• Sonuç bulunamadı

TOPLUMSAL HAREKET ALANLARI, SOSYAL KONTROL VE SOSYAL DEĞİŞİM

1.SORUMLULUĞUN TEMELLENDİRİLMESİ

3. SORUMLULUĞUN KAYNAKLAR

3.2.1. TOPLUMSAL HAREKET ALANLARI, SOSYAL KONTROL VE SOSYAL DEĞİŞİM

3.2.1.1. Toplumsal Hareket Alanları

Her fert kendinden beklenen rolü yerine getirmelidir. Diğer bir deyişle bir sosyal görevin yerine gelmesi, kişinin kendine düşen davranışı yerine getirmesine bağlıdır. Sosyal rolün oynanmamasından dolayı birtakım sosyal yaptırımlar devreye girer. Bu yaptırımların gücü her davranış için farklıdır. Toplum her sosyal rolü çeşitli davranış düzlemlerinde yargılar, yargılama sonucuna göre de role baskı ve yaptırımlar uygular. Her sosyal rol için :

a) Beklenen davranış alanı b) İzin verilen davranış alanı

c) Yasaklanan davranış alanı vardır.(Fichter : 1996 : 99-100)
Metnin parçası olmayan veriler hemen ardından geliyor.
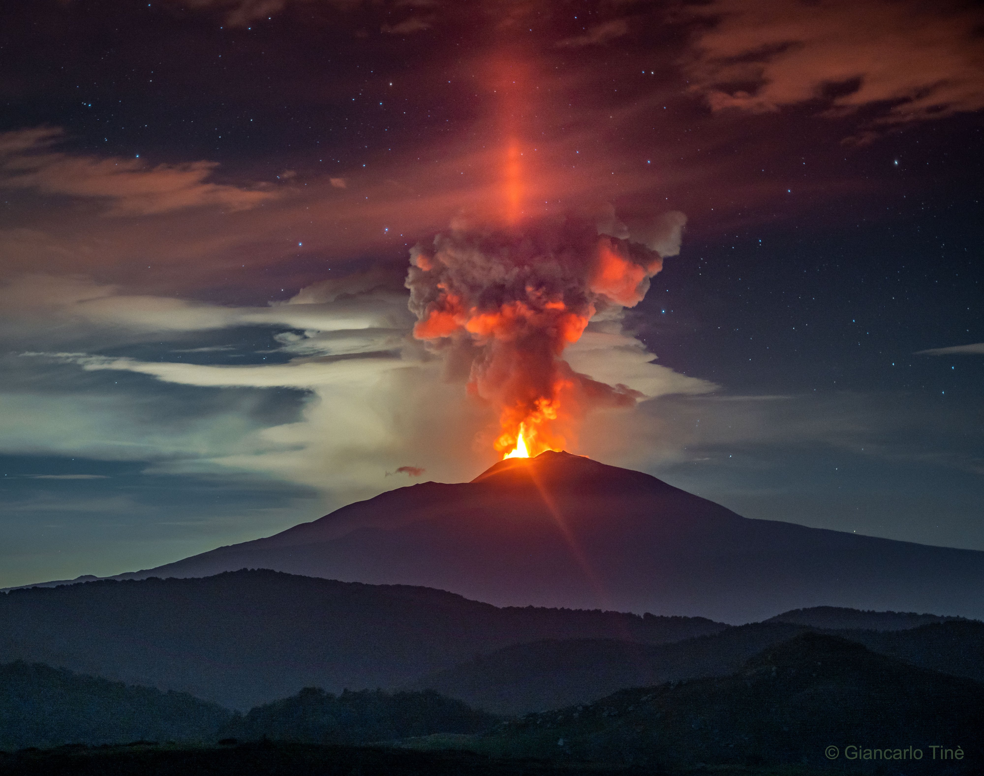 Yukarıdaki yanardağda neler oluyor? Oldukça ender bir olay… Bir volkanik ışık sütunu. Genelde ışık sütunları doğmakta ya da batmakta olan Güneş‘in tepesinden gökyüzüne uzanacak şekilde görülür. Fakat buna ek olarak bazen sokak lambaları ya da evden çıkan ışıkların da ışık sütunlarını oluşturduğu görülmüştür (bazıları baya renklidir). Fakat bu görseldeki ışık sütunu, patlamakta olan yanardağdan çıkan sıcak magma tarafından etrafa saçılan kırmızı ışık sayesinde oluşuyor. Buradaki yanardağ, İtalya‘daki meşhur Etna Yanardağı. Tek bir kareden oluşan fotoğraf, Haziran ayı ortalarında Güneş hemen battıktan sonra çekilmiş. Yanardağın kül bulutunun üzerindeki dondurucu soğuk nedeniyle buz kristalleri ya sirüs bulutları (cirrus cloud) içerisinde oluştu ya da Etna Yanardağı tarafından saçılan yoğun su buharı tarafından oluşturuldu. Bu çoğu zaman yere düz bir şekilde konumlanmış buz kristalleri, yanardağın kalderasından çıkan ışığı yansıtarak bir ışık sütununu oluşturdular.

Beklenen davranış toplumun devamı için gereklidir. Bu davranış olmasa toplum çözülür ve çöküntüye uğrar. İzin verilen davranış, bireye özgür bir alan bırakır. Aynı zamanda toplumsal değişimin olumlu ya da olumsuz anlamda başlamasına zemin hazırlayan bir fonksiyon icra eder. Bu alan çok katı kuralların uygulanmadığı, insana farklı rol ve becerilerin sunulduğu, insanı geliştiren aynı

zamanda gerileten imkanların da bulunduğu bir alandır. Bu alanda insan toplum tarafından biçimlendiği gibi toplum da insan tarafından biçimlenebilir. Bu alan yetenek, beceri ve ideallerin hayata, topluma yansıtılabileceği bir alandır. Bu alan aynı zamanda halkla ilişkilerin kendine zemin bulduğu en önemli alandır. Ürün ve hizmete ilişkin kalması ve değiştirmek istediği tutumları bu alanda gerçekleştirir. Yasaklanan davranış ise toplum düzenini bozan, insanların haklarına tecavüz eden, diğer insanların zararına olan davranışların ceza ya da olumsuz yaptırımlarla kontrolünün sağlandığı alandır.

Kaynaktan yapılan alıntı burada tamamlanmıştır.